We apply an internal framework of policies and minimum standards across all our business to keep your data safe. These policies and standards are periodically updated to keep them up to date with regulations and market developments. More specifically and in accordance with the law, we take appropriate technical and organisational measures (policies and procedures, IT security etc.) to ensure the confidentiality and integrity of your personal data and the way it’s processed.
In addition, ING employees are subject to confidentiality and may not disclose your personal data unlawfully or unnecessarily.
We do our utmost best to protect your data, but there are certain things you can do as well:
Install anti-virus software, anti-spyware software and a firewall. Keep them updated.
Do not leave equipment and tokens (e.g. bank card) unattended.
Report the loss of a bank card to ING and cancel the lost card immediately.
Log off from online banking when you are not using it.
Keep your passwords strictly confidential and use strong passwords, i.e. avoid obvious combinations of letters and figures.
Be alert online and learn how to spot unusual activity, such as a new website address or phishing e-mails requesting personal information.
We are only allowed to keep your personal data for as long as it’s still necessary for the purpose we initially required it. After this we look for feasible solutions, like archiving it.

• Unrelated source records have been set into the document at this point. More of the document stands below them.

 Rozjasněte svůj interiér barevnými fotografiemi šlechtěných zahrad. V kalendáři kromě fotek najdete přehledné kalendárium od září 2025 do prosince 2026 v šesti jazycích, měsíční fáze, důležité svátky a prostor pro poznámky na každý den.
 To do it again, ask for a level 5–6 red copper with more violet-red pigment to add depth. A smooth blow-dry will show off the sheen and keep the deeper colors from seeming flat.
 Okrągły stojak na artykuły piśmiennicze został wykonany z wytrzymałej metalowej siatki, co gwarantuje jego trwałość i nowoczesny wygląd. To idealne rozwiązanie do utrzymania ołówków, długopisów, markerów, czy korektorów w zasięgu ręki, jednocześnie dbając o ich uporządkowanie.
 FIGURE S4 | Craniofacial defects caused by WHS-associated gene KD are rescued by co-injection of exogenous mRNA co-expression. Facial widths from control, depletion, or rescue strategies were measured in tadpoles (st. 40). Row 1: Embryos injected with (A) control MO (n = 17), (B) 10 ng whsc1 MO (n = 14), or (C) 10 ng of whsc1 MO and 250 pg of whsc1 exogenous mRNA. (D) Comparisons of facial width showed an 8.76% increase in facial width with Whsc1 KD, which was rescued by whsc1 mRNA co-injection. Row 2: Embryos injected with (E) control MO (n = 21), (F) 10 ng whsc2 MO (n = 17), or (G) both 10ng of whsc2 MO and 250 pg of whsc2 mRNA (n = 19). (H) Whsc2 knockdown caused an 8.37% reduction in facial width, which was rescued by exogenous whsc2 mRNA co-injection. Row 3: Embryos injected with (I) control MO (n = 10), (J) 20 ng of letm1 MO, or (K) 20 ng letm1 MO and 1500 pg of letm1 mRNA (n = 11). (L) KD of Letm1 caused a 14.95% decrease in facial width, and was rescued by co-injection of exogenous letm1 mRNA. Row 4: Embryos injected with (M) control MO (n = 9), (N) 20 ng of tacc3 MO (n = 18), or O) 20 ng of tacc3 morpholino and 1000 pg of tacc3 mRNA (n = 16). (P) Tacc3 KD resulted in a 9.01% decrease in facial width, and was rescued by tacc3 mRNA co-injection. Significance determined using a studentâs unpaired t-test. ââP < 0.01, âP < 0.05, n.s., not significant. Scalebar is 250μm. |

When assessing how long to keep personal data, retention requirements might be stipulated by other applicable laws (e.g. anti-money laundering law). Kept personal data can serve as legal evidence in litigation, but we will not use such personal data actively.

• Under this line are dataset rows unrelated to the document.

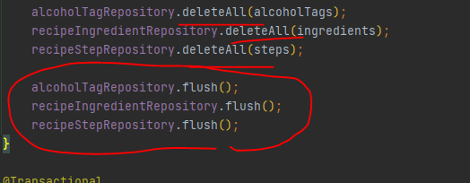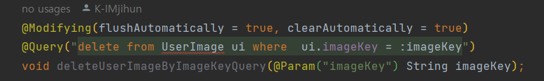 그래서 선택한 방법은 delete 구문에 Modifying 어노테이션을 사용하여 삭제가 진행됨과 동시에
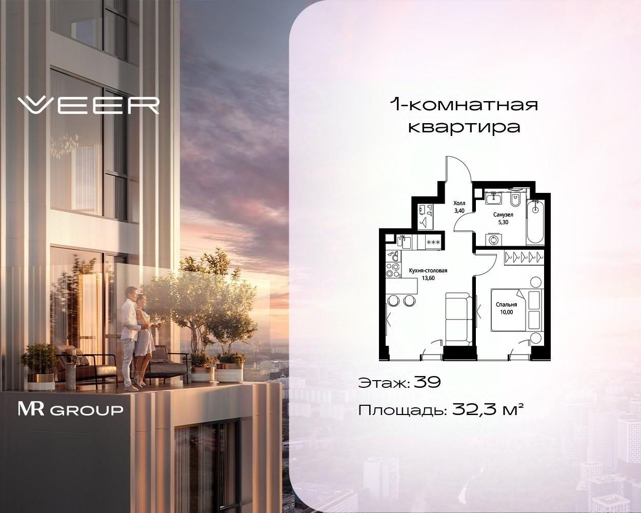 Продаётся 1-к квартира общей площадью 32.30 м² с предчистовой отделкой в ЖК VEER на 39-м этаже 46 этажного дома.
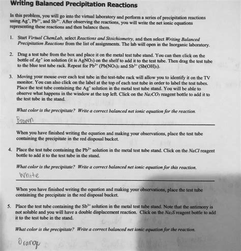Title: - virtual lab writing balanced precipitation reactions answers
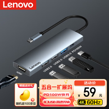 联想拓展坞设计新颖时尚,拓展端口丰富,且提供的传输速度满足日常工作学习所需。性价比非常高,除了usb还带有一个typec接口。非常适合大家购入。
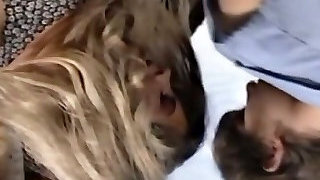 Gorgeous platinum-blonde milf with sunglasses feels horny for a young country girl
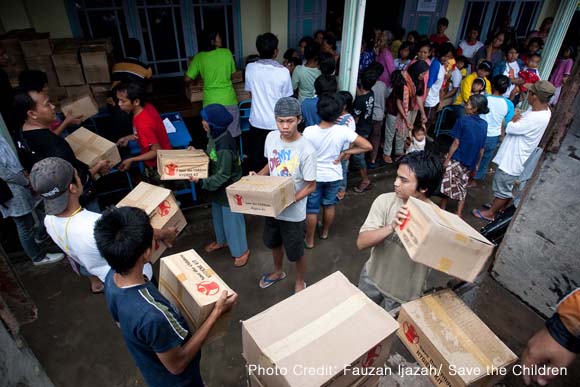 사진/ 세이브더칠드런은 인도네시아 화산분출 피해 주민들에게 생필품 및 여러 구호물품을 보급하고 있다.

Retention periods may depend on circumstances (your data may be archived for up to 10 years after your bank account has been closed or even up to 30 years for your mortgage loan data. Other data, collected by surveillance cameras or call recordings are kept for shorter periods as required by law.)

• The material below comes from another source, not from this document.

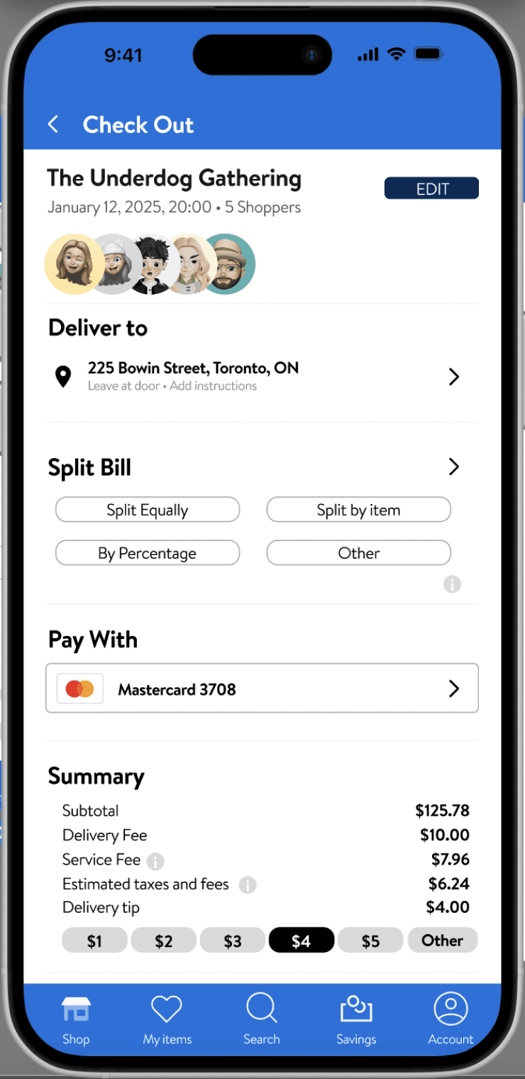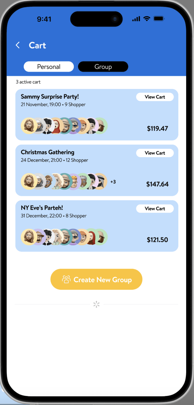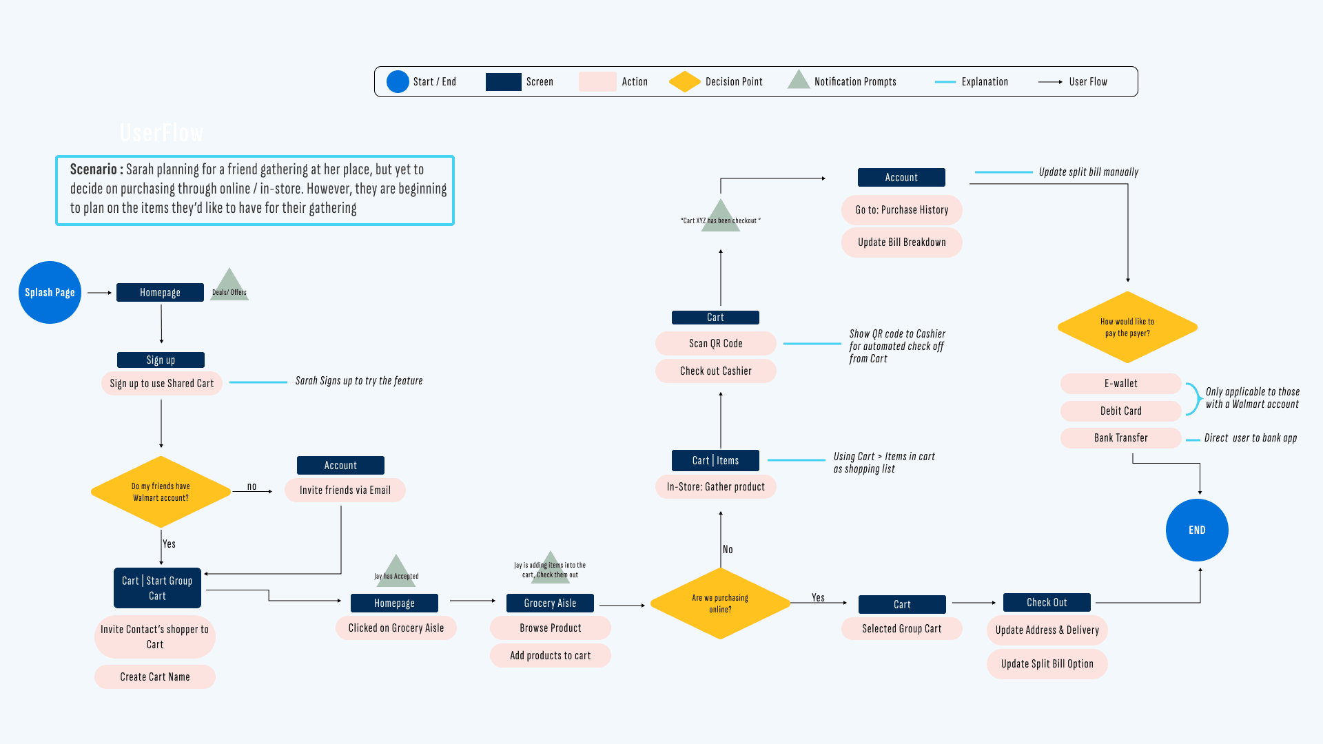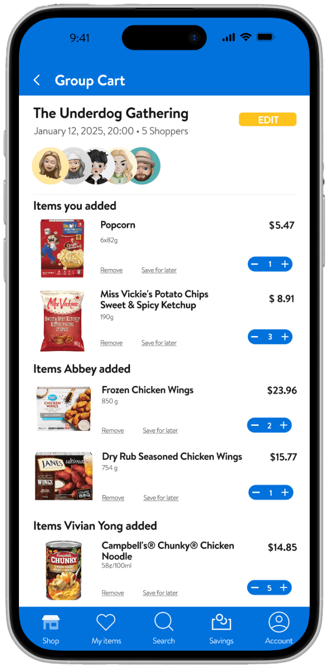Enhancing the shopping experience for groups of people, such as families, roommates, or friends, who frequently make shared purchases or getting their groceries on a weekly basis. Walmart’s app currently allows for individual shopping experiences, but it lacks features that cater to group shopping dynamics. By introducing a “Shared Cart” feature, the Walmart app can allow multiple users to collaboratively add, modify, and review items in real-time.

If you have questions, want to know more about ING’s data policies and how we use your personal data, you can primarily contact us through our usual channels by:
Connecting to your ING Home'Bank, Business’Bank or Smart Banking (app) and sending us a message with a reference to “Privacy”,
Visiting your local branch, contacting your relationship manager, your personal or private banker,
Calling us +32.2.464.60.04, or
Sending us an e-mail to firstname.lastname@example.org referencing “Privacy”.
In case of disagreement or complaints related to the processing of your personal data, you can send us a request with “Privacy” as reference via:
Letter: ING Complaint Management, Cours Saint Michel 60/Sint-Michielswarande 60, B-1040 Brussels
If you did not obtain a satisfactory resolution of your case or if you would like to receive further information about this Privacy Statement, you can submit a written request to the ING Data Protection Officer via:
Letter: ING Privacy Office, Cours Saint Michel 60/Sint-Michielswarande 60, B-1040 Brussels.
When you contact us we will have to identify you before carrying out your request. We may for example ask you to an ING branch to identify you correctly. You may be asked to provide us with a valid ID or passport.
A list of contact information for this Privacy Statement, as well as a list of data protection authorities in each country where ING operates are at your disposal via this link.
This is the Privacy Statement of ING Belgium n.v./s.a. acting as data controller, ING Belgium n.v/s.a. - Bank/Lender - Avenue Marnix 24, B-1000 Brussels - Brussels RPM/RPR – VAT BE 0403.200.393 - BIC: BBRUBEBB – IBAN: BE45 3109 1560 2789 – Insurance broker registered with the FSMA under the code number 12381A. - www.ing.be - 05/18.
We may amend this Privacy Statement to remain compliant with any changes in law and/or to reflect how our business processes personal data. This version was created in May 2018 and enters into force on May25th 2018. The most recent version is available at ING.be.